#### [Task]
What the answer must contain is every line of the records, exactly, with no pictures.

#### [Exercise data]
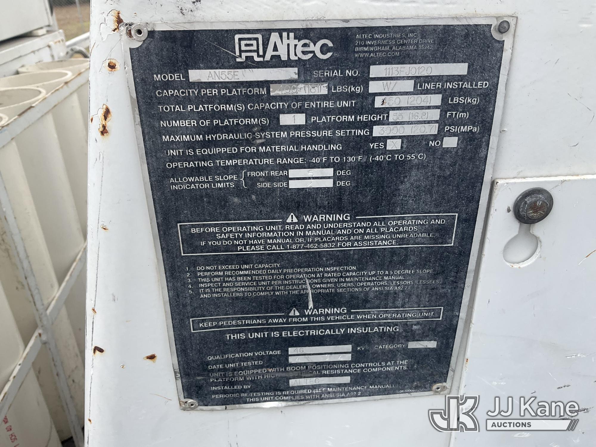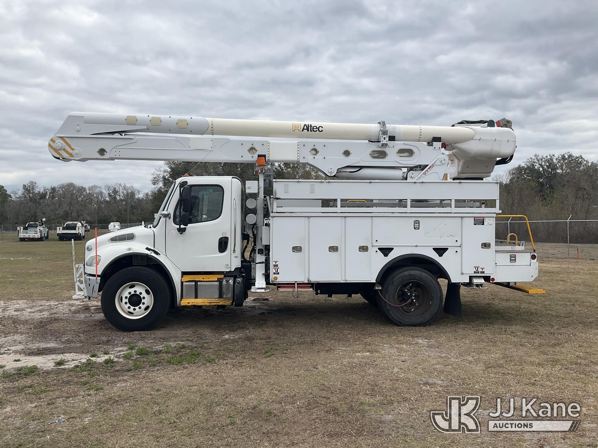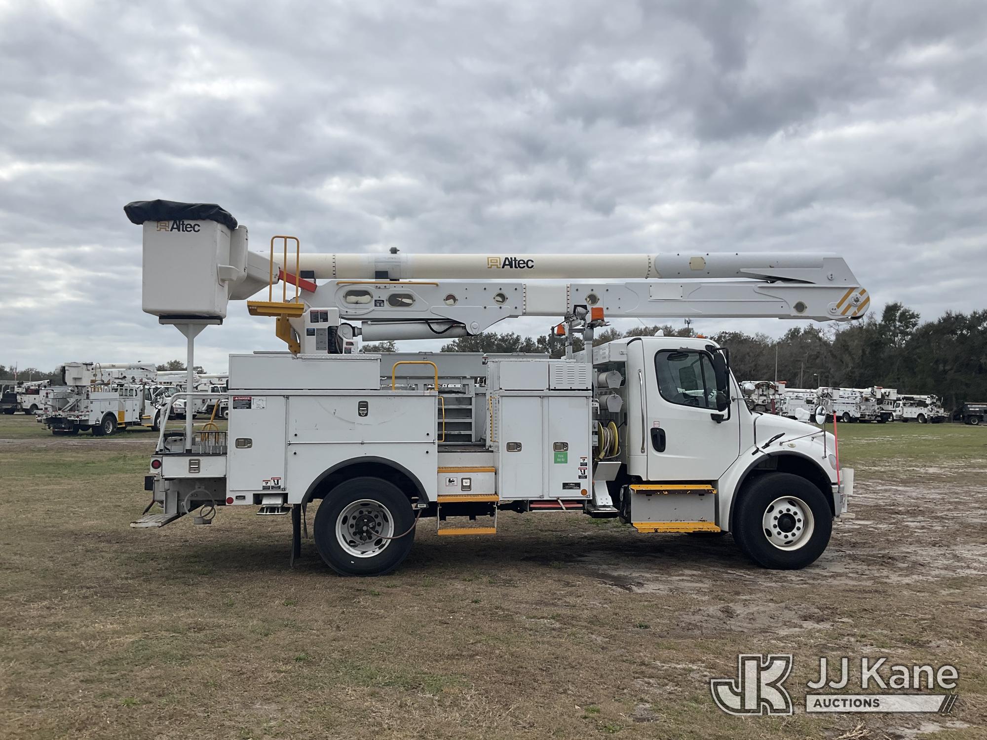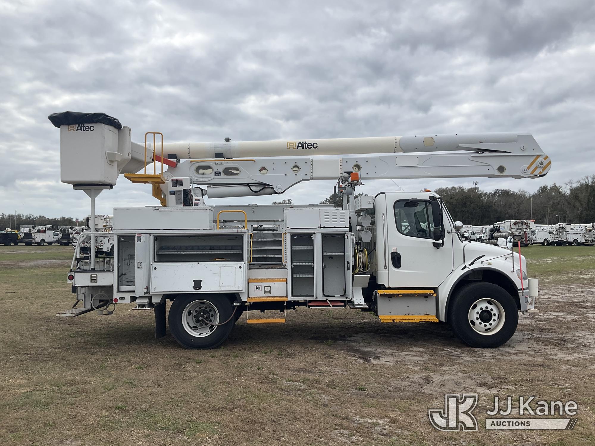 Altec AN55E, 60 ft, Material Handling Bucket Truck s/n 1113FJ0120, with single-man bucket & 4 hyd outriggers, rear mounted on 2014 Freightliner M2 106 Utility Truck, 6.7L L6 DIESEL 4X2, Auto, A/C, (50,612 miles) (Runs, Moves, Upper Operates) (Reads 6,893 hours) This is a Titled Item*
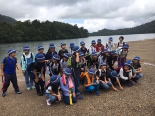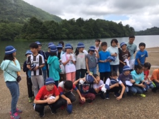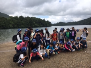 バスに乗って湯の湖に到着。湯の湖をバックに写真撮影です。
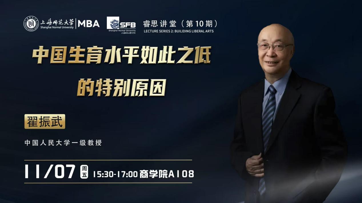 2025年11 月7 日下午,上海师范大学商学院“睿思讲堂” 系列讲座第10期在商学院A108教室开讲。本次讲座特邀中国人民大学一级教授、博士生导师、教育部人文社会科学重点研究基地中国人民大学人口与发展研究中心主任、《人口研究》杂志主编翟振武教授,以 “中国生育水平如此之低的特别原因” 为题,为现场师生带来一场兼具学术深度与现实关怀的精彩报告。讲座由上海师范大学商学院党委书记张春丽主持开场。张书记首先代表学院全体师生对翟教授的到来致以了最热情与诚挚的欢迎,高度评价并充分肯定了翟教授在中国人口与经济、人口与社会、老龄化等领域所取得的卓著成就与深远影响力。讲座中,翟振武教授首先揭示了中国生育率下降过程中“未发达先触底”的特殊现象。与发达国家相比,中国在人均GDP、城市化率和平均受教育年限等指标相对落后的情况下,生育率却率先降至超低水平。这一背离表明,在中国育龄人群的生育决策背后存在着超越常规社会经济解释的、具有中国特殊性的强劲抑制因素。接着,翟教授指出,在诸多因素中,照料困境构成了一个在特定历史与社会背景下形成的沉重压力。中国的婴幼儿照料责任经历了从集体福利时代的“去家庭化”到改革开放后责
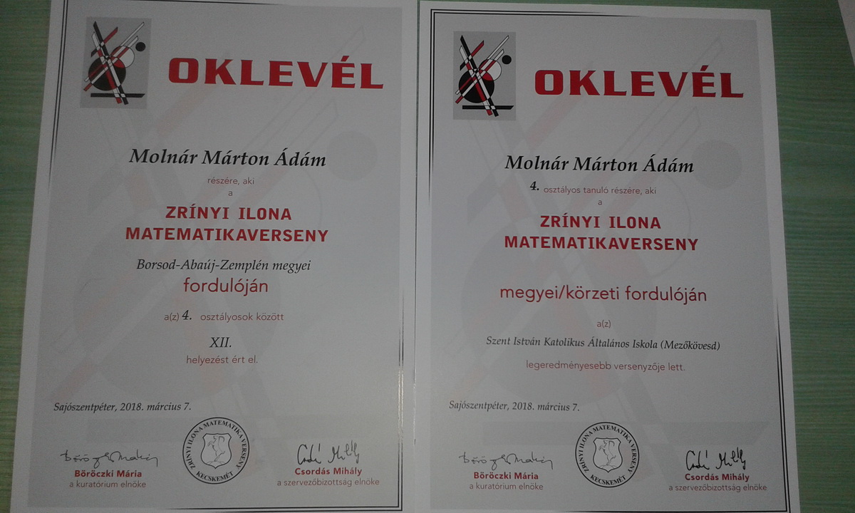 3. osztályosok: Roszkos András Milán kiemelt 1. helyezés
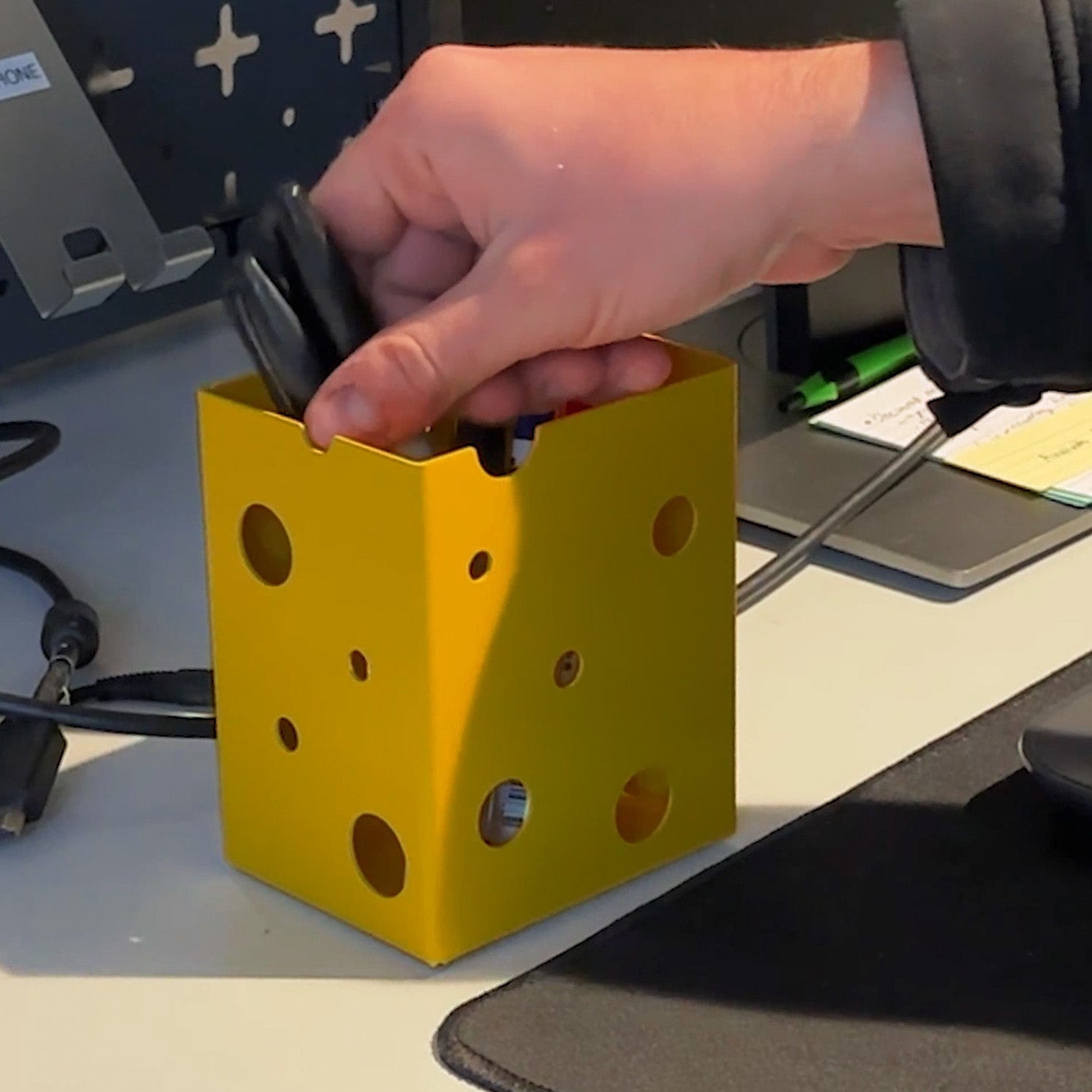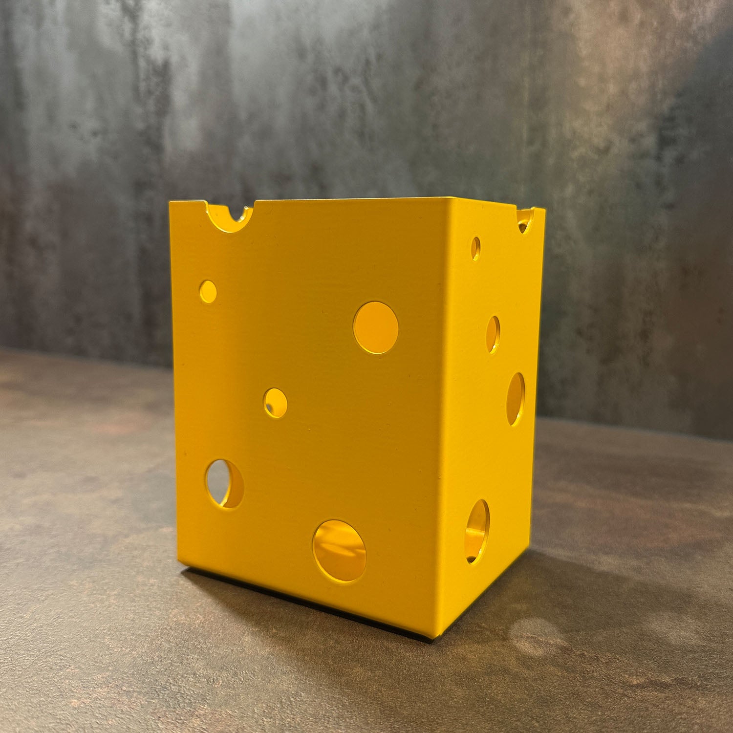 It’s made from durable galvanised steel and finished in a vibrant, cheese-yellow powder coat. The riveted structure adds a satisfying industrial feel, while the circular holes give it that unmistakable cheesy appearance. It’s sturdy enough to sit on your worktop or desk without tipping, and light enough to mount on the wall if you prefer to save space.

#### [Exercise response]
 Altec AN55E, 60 ft, Material Handling Bucket Truck s/n 1113FJ0120, with single-man bucket & 4 hyd outriggers, rear mounted on 2014 Freightliner M2 106 Utility Truck, 6.7L L6 DIESEL 4X2, Auto, A/C, (50,612 miles) (Runs, Moves, Upper Operates) (Reads 6,893 hours) This is a Titled Item*
 バスに乗って湯の湖に到着。湯の湖をバックに写真撮影です。
 2025年11 月7 日下午,上海师范大学商学院“睿思讲堂” 系列讲座第10期在商学院A108教室开讲。本次讲座特邀中国人民大学一级教授、博士生导师、教育部人文社会科学重点研究基地中国人民大学人口与发展研究中心主任、《人口研究》杂志主编翟振武教授,以 “中国生育水平如此之低的特别原因” 为题,为现场师生带来一场兼具学术深度与现实关怀的精彩报告。讲座由上海师范大学商学院党委书记张春丽主持开场。张书记首先代表学院全体师生对翟教授的到来致以了最热情与诚挚的欢迎,高度评价并充分肯定了翟教授在中国人口与经济、人口与社会、老龄化等领域所取得的卓著成就与深远影响力。讲座中,翟振武教授首先揭示了中国生育率下降过程中“未发达先触底”的特殊现象。与发达国家相比,中国在人均GDP、城市化率和平均受教育年限等指标相对落后的情况下,生育率却率先降至超低水平。这一背离表明,在中国育龄人群的生育决策背后存在着超越常规社会经济解释的、具有中国特殊性的强劲抑制因素。接着,翟教授指出,在诸多因素中,照料困境构成了一个在特定历史与社会背景下形成的沉重压力。中国的婴幼儿照料责任经历了从集体福利时代的“去家庭化”到改革开放后责
 3. osztályosok: Roszkos András Milán kiemelt 1. helyezés
 It’s made from durable galvanised steel and finished in a vibrant, cheese-yellow powder coat. The riveted structure adds a satisfying industrial feel, while the circular holes give it that unmistakable cheesy appearance. It’s sturdy enough to sit on your worktop or desk without tipping, and light enough to mount on the wall if you prefer to save space.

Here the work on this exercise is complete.